Monday, April 18, 2016

Fifty Years of Women Running the Boston Marathon

It's been fifty years since the first woman ran in the Boston Marathon. I always knew that Bobbi Gibb had a tough time when she ran, that some men weren't happy with her being there, but I had no idea just how hard it was for her. She had written to the marathon officials asking for an application, but their reply was that women were not physiologically capable of running a marathon. So she hid in the bushes near the start, wearing a hoodie as a disguise, and joined the crowd when they started. She worried she might be arrested. Can you imagine?

Physiologically capable
Running is such a basic part of human nature. Running means escaping danger, chasing food, rushing to help someone in need, or that you're having fun. Most little kids love to run. They chase each other, have impromptu races, or run just to enjoy the speed or the feeling of the wind against their skin and in their hair, or simply because it feels good to move. I have a good run when I invoke those childhood sensations, when I think, "Hey, this is fun!" I can't imagine being told, "You're not meant to do this thing that brings you joy."
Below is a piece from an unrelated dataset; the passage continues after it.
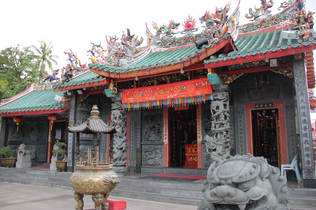 The Hong San Si Temple dates back to the 1840s, and colourful dragons sit atop its roof.
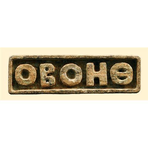Byzantine rectangular bronze seal with a single line Greek inscription. Ca. 6th century AD. L. 3 3/4" (9.6 cm.). The inscription seems to be an abbreviation of "GOD HELP." Excellently preserved with the original ring on back, some earthen encrustation.

This past weekend I ran a 5K. It was my first race in inclement weather. It was cold and windy, and it started sprinkling right before we started. When the clouds parted later that day, there was snow on the mountains. Despite the wind and the stinging rain, I had a great time. Despite the fact that I was still getting over being sick, I improved upon my pace. There's something wonderfully primitive about running in a large group. It's like being part of a pack. There's a sense of safety, of camaraderie, of friendly competition. We ran through some fields near the Rio Grande River. I spotted geese and ducks in a field that was being flooded, and a couple of horses. I got to run through a neighborhood I'd never been in before. I finished the race and had a delicious slice of cinnamon swirl raisin bread and chocolate milk as I trekked back to my car. It was great.

I cannot imagine being told 'no' to something like that. I'm glad that the running world, and the world in general, has changed its attitude toward women. I'm glad that Bobbi Gibb had the guts to sneak into a race. The world needs people who refuse to take 'no' for an answer.